(Stored data)
++++++++++++++++++++

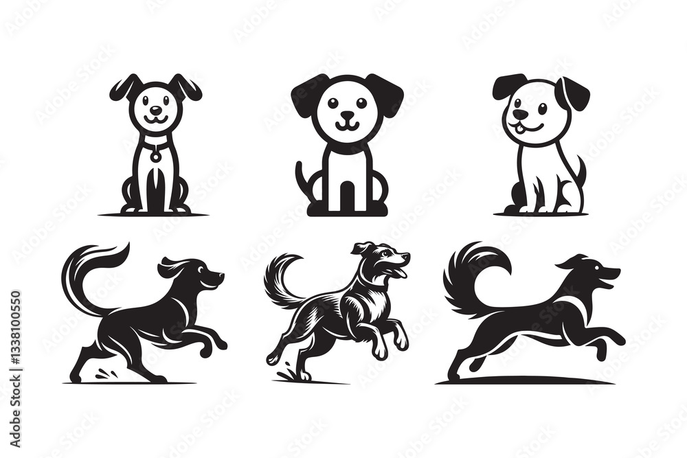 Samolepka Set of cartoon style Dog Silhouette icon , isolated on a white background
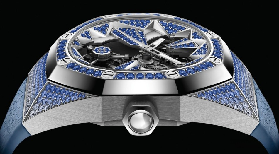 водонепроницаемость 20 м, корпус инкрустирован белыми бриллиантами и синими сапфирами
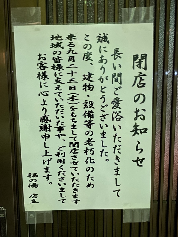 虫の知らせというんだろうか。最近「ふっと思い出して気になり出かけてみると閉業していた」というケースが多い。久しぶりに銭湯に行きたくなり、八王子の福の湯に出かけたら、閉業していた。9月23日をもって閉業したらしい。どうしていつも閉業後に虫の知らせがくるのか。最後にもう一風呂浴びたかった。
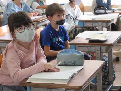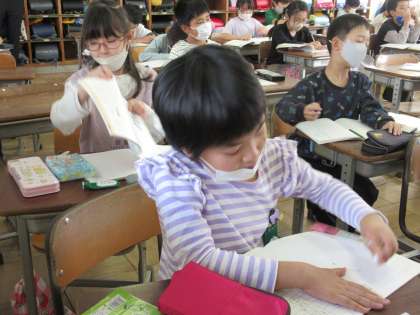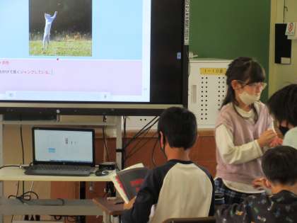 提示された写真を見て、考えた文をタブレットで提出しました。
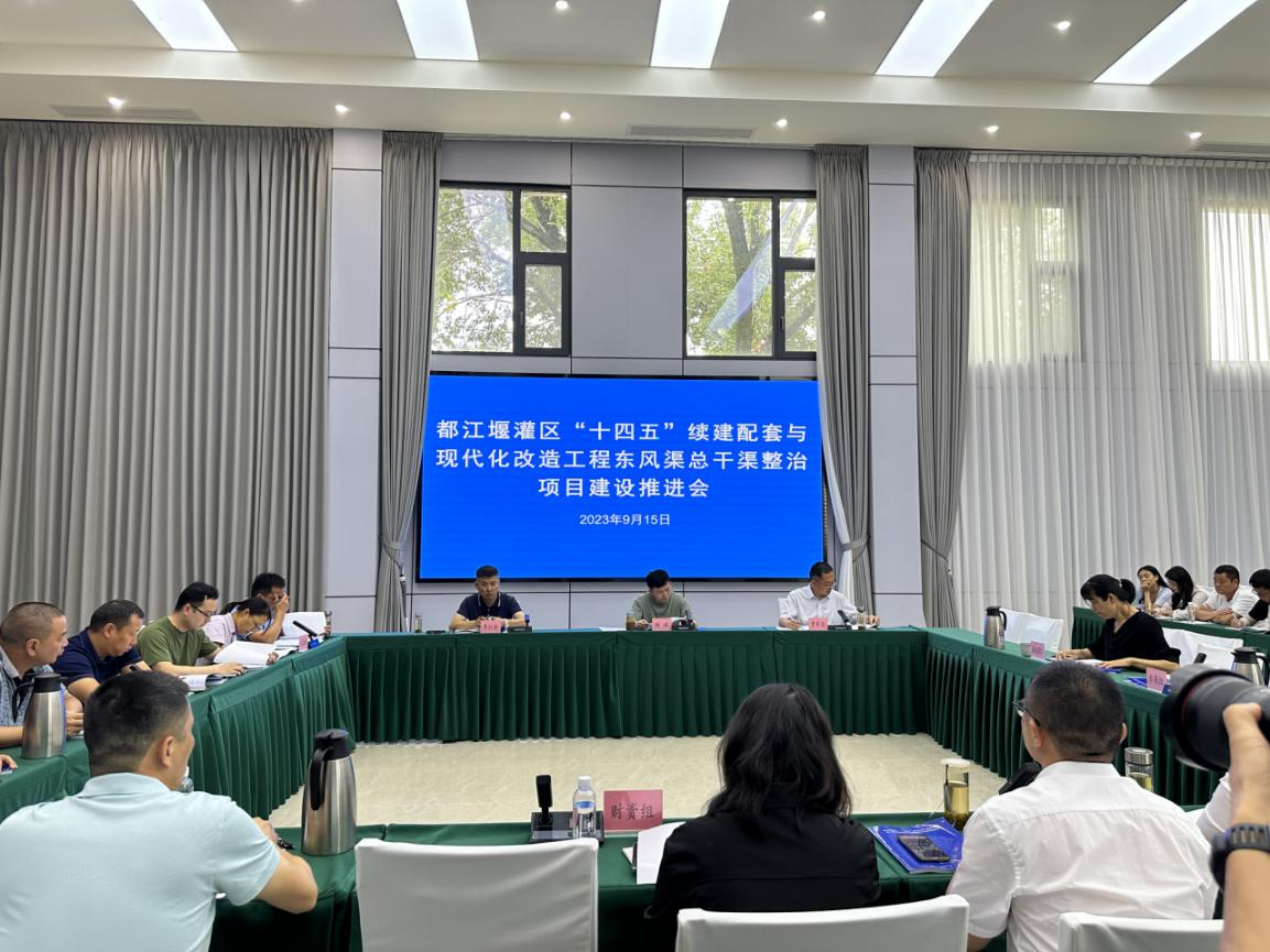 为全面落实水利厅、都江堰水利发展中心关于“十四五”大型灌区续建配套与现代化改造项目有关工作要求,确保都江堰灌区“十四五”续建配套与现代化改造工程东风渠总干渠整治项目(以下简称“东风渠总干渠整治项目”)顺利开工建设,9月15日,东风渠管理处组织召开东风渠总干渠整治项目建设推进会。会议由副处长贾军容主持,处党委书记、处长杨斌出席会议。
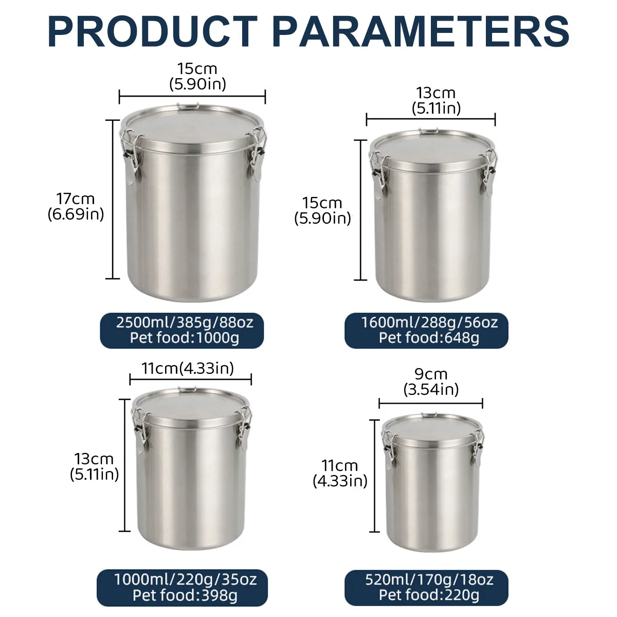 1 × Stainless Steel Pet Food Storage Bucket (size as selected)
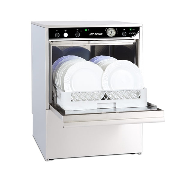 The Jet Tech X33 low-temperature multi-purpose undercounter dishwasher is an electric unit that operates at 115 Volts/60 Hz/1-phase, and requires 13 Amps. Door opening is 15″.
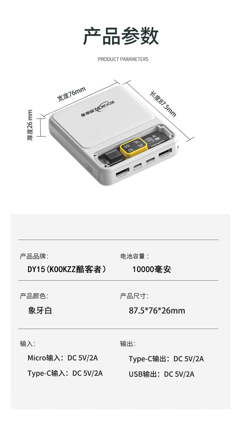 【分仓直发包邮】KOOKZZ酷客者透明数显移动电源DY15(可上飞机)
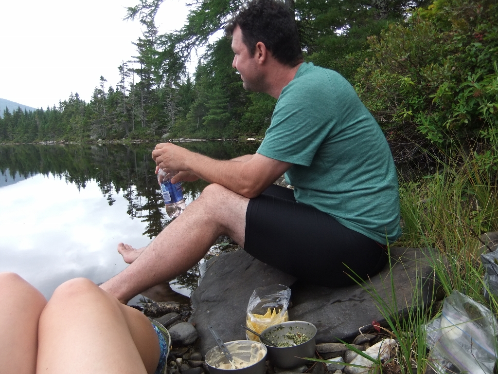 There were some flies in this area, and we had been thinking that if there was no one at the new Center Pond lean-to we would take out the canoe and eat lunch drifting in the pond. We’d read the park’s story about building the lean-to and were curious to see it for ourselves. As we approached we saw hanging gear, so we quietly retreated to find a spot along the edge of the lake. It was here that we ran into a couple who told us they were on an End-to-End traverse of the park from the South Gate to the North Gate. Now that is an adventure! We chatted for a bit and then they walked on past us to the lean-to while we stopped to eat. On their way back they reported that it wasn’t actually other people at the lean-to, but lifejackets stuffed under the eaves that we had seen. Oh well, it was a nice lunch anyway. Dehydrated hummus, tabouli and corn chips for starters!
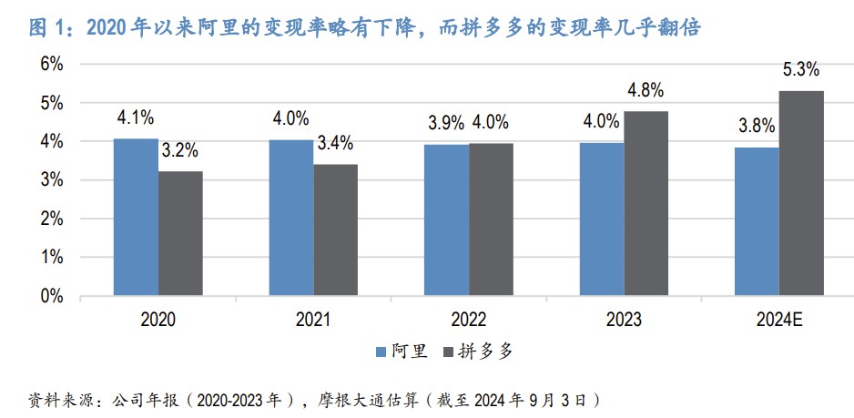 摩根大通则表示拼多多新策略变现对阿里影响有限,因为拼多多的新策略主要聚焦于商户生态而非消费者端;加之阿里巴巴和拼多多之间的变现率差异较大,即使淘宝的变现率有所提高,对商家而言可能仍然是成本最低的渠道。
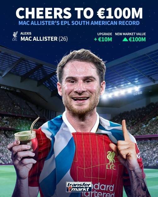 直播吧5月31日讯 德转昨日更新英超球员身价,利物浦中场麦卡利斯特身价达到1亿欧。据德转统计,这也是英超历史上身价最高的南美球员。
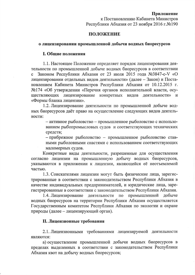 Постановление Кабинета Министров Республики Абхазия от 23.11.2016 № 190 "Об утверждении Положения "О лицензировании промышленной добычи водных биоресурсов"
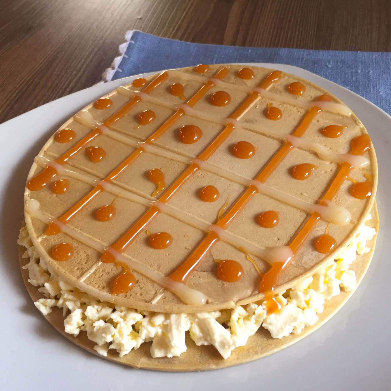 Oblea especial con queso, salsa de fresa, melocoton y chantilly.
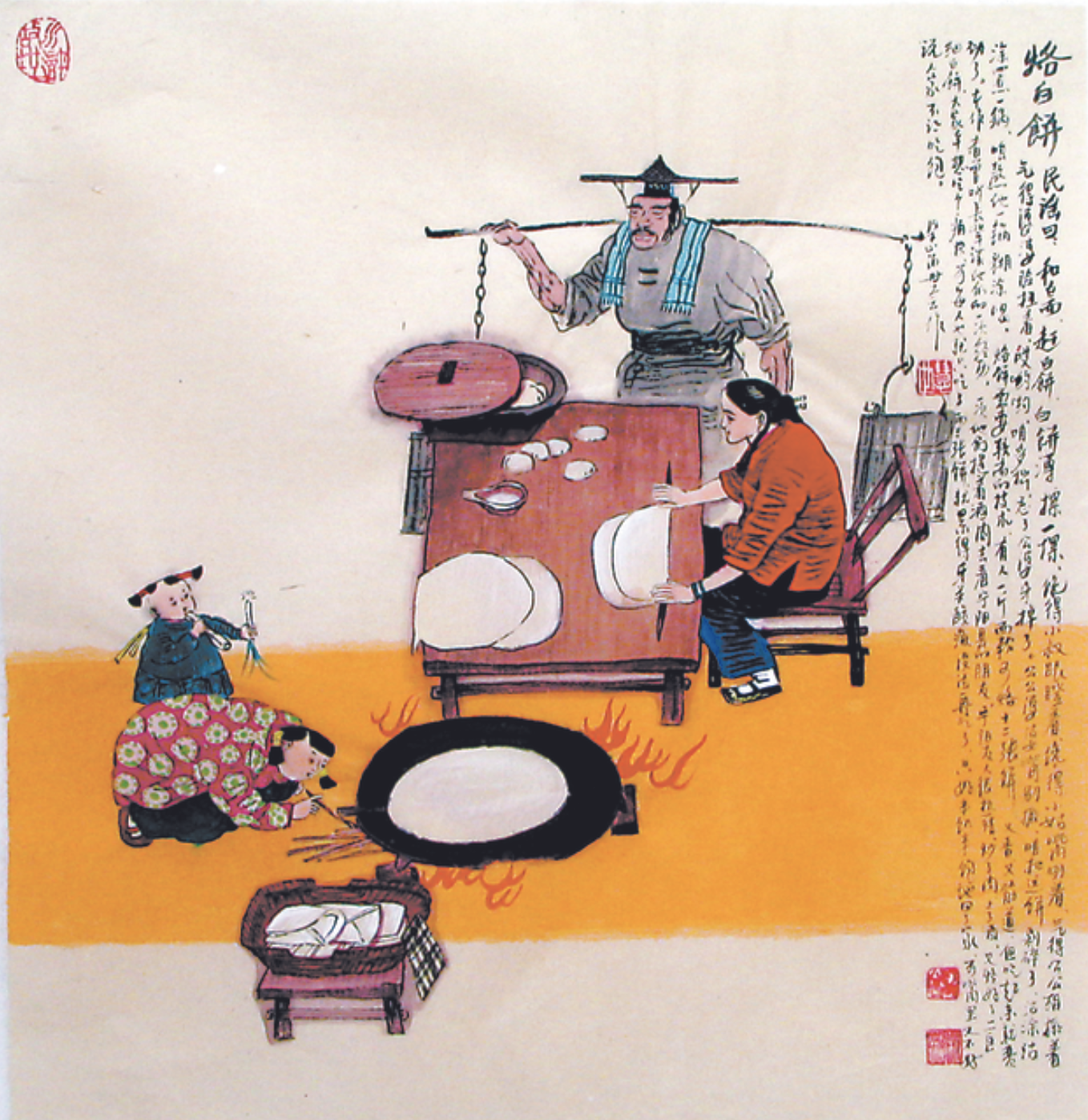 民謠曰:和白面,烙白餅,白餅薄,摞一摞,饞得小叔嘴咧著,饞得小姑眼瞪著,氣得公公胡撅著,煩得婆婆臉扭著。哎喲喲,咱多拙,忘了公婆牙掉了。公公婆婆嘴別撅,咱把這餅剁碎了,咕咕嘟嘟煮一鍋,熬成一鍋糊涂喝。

++++++++++++++++++++

:: Task description ::
Every line in the data above needs to be given again exactly, pictures aside.

:: Answer to this task ::
 Samolepka Set of cartoon style Dog Silhouette icon , isolated on a white background
 водонепроницаемость 20 м, корпус инкрустирован белыми бриллиантами и синими сапфирами
 虫の知らせというんだろうか。最近「ふっと思い出して気になり出かけてみると閉業していた」というケースが多い。久しぶりに銭湯に行きたくなり、八王子の福の湯に出かけたら、閉業していた。9月23日をもって閉業したらしい。どうしていつも閉業後に虫の知らせがくるのか。最後にもう一風呂浴びたかった。
 提示された写真を見て、考えた文をタブレットで提出しました。
 为全面落实水利厅、都江堰水利发展中心关于“十四五”大型灌区续建配套与现代化改造项目有关工作要求,确保都江堰灌区“十四五”续建配套与现代化改造工程东风渠总干渠整治项目(以下简称“东风渠总干渠整治项目”)顺利开工建设,9月15日,东风渠管理处组织召开东风渠总干渠整治项目建设推进会。会议由副处长贾军容主持,处党委书记、处长杨斌出席会议。
 1 × Stainless Steel Pet Food Storage Bucket (size as selected)
 The Jet Tech X33 low-temperature multi-purpose undercounter dishwasher is an electric unit that operates at 115 Volts/60 Hz/1-phase, and requires 13 Amps. Door opening is 15″.
 【分仓直发包邮】KOOKZZ酷客者透明数显移动电源DY15(可上飞机)
 There were some flies in this area, and we had been thinking that if there was no one at the new Center Pond lean-to we would take out the canoe and eat lunch drifting in the pond. We’d read the park’s story about building the lean-to and were curious to see it for ourselves. As we approached we saw hanging gear, so we quietly retreated to find a spot along the edge of the lake. It was here that we ran into a couple who told us they were on an End-to-End traverse of the park from the South Gate to the North Gate. Now that is an adventure! We chatted for a bit and then they walked on past us to the lean-to while we stopped to eat. On their way back they reported that it wasn’t actually other people at the lean-to, but lifejackets stuffed under the eaves that we had seen. Oh well, it was a nice lunch anyway. Dehydrated hummus, tabouli and corn chips for starters!
 摩根大通则表示拼多多新策略变现对阿里影响有限,因为拼多多的新策略主要聚焦于商户生态而非消费者端;加之阿里巴巴和拼多多之间的变现率差异较大,即使淘宝的变现率有所提高,对商家而言可能仍然是成本最低的渠道。
 直播吧5月31日讯 德转昨日更新英超球员身价,利物浦中场麦卡利斯特身价达到1亿欧。据德转统计,这也是英超历史上身价最高的南美球员。
 Постановление Кабинета Министров Республики Абхазия от 23.11.2016 № 190 "Об утверждении Положения "О лицензировании промышленной добычи водных биоресурсов"
 Oblea especial con queso, salsa de fresa, melocoton y chantilly.
 民謠曰:和白面,烙白餅,白餅薄,摞一摞,饞得小叔嘴咧著,饞得小姑眼瞪著,氣得公公胡撅著,煩得婆婆臉扭著。哎喲喲,咱多拙,忘了公婆牙掉了。公公婆婆嘴別撅,咱把這餅剁碎了,咕咕嘟嘟煮一鍋,熬成一鍋糊涂喝。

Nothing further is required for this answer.